The slim but well-built Daki, wearing a solemn expression others would have immediately recognized as being derived from his sire, contemplated the sight before him with respectful reverence but without awe.
“What is this place, Father?”
“This is where the Naumkib come from, Daki.” Raising an arm, Ehomba swept it before him in an expansive gesture to take in all that there was to be seen. “Too long ago to remember, our people settled here and built this place. They accumulated boundless knowledge and untold riches.”
The youth looked up at him. “What happened to them?”
Ehomba patted his son on the shoulder. “When one feels one has no more to accomplish, the next thing one attains is boredom. The Naumkib abandoned this place. In ones and twos, in groups and in families, they scattered to the far corners of the world. Gradually they mingled with other peoples, and became one with them, and were content. Only a few remained behind.”
“Us,” the boy realized. “The people of the village.”
“Yes. To not forget is a great responsibility. A legacy must be looked after, Daki. Not necessarily expanded upon, or exploited, but looked after.” He started forward. “Now come, and I will show you more of yours.”
They spent the remainder of the day exploring the deserted towers, and the great library, and the majestic arenas of knowledge. Daki marveled at the walls of solid gold, and the gemstone utensils the vanished inhabitants had left behind in their silent kitchens. Together, father and son turned the pages of ancient tomes bound in sheets of solid ruby, chosen not for its beauty but for its strength and ability to protect the far more valuable paper pages that lay between those crimson covers. They visited the observatory, with its telescopes still pointed at an especially large crack in the roof of the enormous cavern, and its congruent cupo
la with the ceiling that showed innumerable constellations fashioned from all manner of precious stones.
A captivated Daki did not want to leave, but Ehomba had to insist. “Your mother will be angry at us both if we are late,” he reminded his son as they began the long hike back to the tunnel.
“Is this where you found the answers to all the questions you keep asking, Father?” the boy asked as they ascended wide stairs of marble and agate and sparkling goldenstone.
“No, Daki. This is where I find only more questions. I promise you: Someday, when you are a little older, we will come back here, as all men and women of Naumkib must, and you will find, whether you want to or not, many questions of your own.”
The youth considered this reply as they ascended. Then he nodded slowly, hoping that he understood. “Does it have a name, this place? Or is it just called Naumkib?”
“We call ourselves the Naumkib,” his father replied. “The ancient city and place of learning is, and always has been, known as Damura-sese.” He smiled as they neared the entrance to the tunnel. Mirhanja would have supper ready, and he was hungry. “The rest of the world knows it as a story, a rumor, hearsay. We keep it that way.”

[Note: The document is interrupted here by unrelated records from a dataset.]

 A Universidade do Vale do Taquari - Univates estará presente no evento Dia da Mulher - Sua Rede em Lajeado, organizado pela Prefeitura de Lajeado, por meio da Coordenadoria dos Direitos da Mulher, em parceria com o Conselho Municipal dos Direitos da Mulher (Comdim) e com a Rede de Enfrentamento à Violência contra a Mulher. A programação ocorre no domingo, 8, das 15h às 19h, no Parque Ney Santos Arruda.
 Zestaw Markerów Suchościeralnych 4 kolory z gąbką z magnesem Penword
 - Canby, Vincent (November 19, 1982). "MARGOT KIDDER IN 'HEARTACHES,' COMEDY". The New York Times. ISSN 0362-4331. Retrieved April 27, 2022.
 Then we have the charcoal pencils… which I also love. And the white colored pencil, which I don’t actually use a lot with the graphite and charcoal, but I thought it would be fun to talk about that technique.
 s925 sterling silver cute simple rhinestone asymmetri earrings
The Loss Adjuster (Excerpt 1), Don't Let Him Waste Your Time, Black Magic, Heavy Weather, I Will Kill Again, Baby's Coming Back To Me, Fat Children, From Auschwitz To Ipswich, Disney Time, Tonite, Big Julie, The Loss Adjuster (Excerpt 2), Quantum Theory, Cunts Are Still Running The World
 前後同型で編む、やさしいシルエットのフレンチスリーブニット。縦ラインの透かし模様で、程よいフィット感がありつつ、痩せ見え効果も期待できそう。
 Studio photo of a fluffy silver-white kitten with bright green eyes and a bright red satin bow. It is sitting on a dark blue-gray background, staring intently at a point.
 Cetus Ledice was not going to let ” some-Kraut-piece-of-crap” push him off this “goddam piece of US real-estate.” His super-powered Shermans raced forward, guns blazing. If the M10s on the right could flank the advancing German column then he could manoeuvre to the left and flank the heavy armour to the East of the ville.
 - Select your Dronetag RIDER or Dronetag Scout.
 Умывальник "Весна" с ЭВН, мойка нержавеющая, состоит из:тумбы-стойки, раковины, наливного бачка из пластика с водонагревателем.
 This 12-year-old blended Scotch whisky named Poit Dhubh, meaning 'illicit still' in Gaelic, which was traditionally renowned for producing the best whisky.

Daki picked up one of the torches they had left behind. “Part of our legacy?”
“Yes, son. Part of our legacy. A little secret of the Naumkib.”
“But not the only one,” the boy observed, displaying the wisdom for which his family was noted.
“No, Daki. Not the only one.”
Etjole Ehomba, who was an honorable man, made his way with his son back out of the celebrated lost city, whose riches lay not in its fabulous trappings but in the learning it held, and back to the modest house by the sea, where as he had sworn to his friend Simna ibn Sind he was no more a renowned sorcerer than any man or woman of his village, be they herder of cattle, hewer of wood, thresher of grain or scraper of hides.